広くて何もない…けどアンテナを広げれば色々受信する。
鉛色の空、海の向こうに見える鉄の建物、
プラスチックが溶けたような匂いと汐の匂い。。
空は暗くなって煙突から吹き出す炎が
くっきりと紫色になって空の上で踊ってる。
それにしても、
その空の上で踊る紫色の炎が
どんなに魅力的だとしても
あの店で出会ったあの子の顔が離れない。
何でも出来る子がいいよ。
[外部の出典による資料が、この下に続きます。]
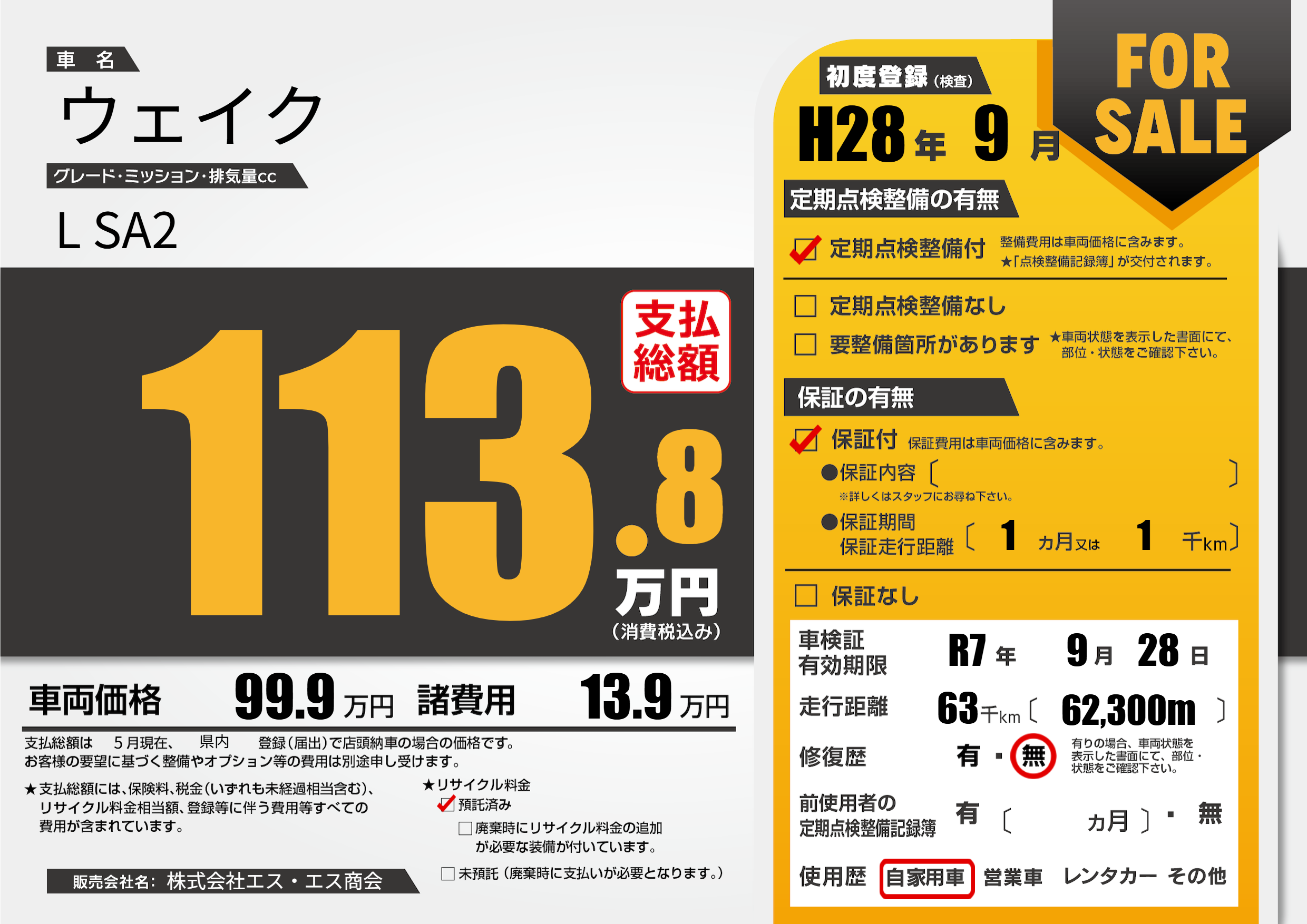 | 走行キロ | 6.3万km | 初年度登録 | H28年9月 |

と言われる。
でも僕はその子には出来る事以上は求めない。
だって 彼女はちっこくて肌が白くて可愛いげあるんだぜ。
僕は再び店に戻り、
彼女をコレダの後ろに乗せて多摩沿線道路を走りだした。
街頭を何本も通り越して川崎総合科学の横を抜ける
ちょうど僕が高校生になった時が君の時代だったんだね。
家に帰って彼女をケーブルに繋げる。
そして僕が人差し指で君のスイッチを押すとき、
君の背中のマークが光るとき、
君が長い睡眠から目が覚めて液晶越しに微笑みかけるとき、
僕は心の中で君に初めての声を掛ける。
ハローマック。

※ちなみに一緒に映ってるゲームボーイポケットレッドも
ポケットプリンタもピカチュウ通信ケーブルもハロー。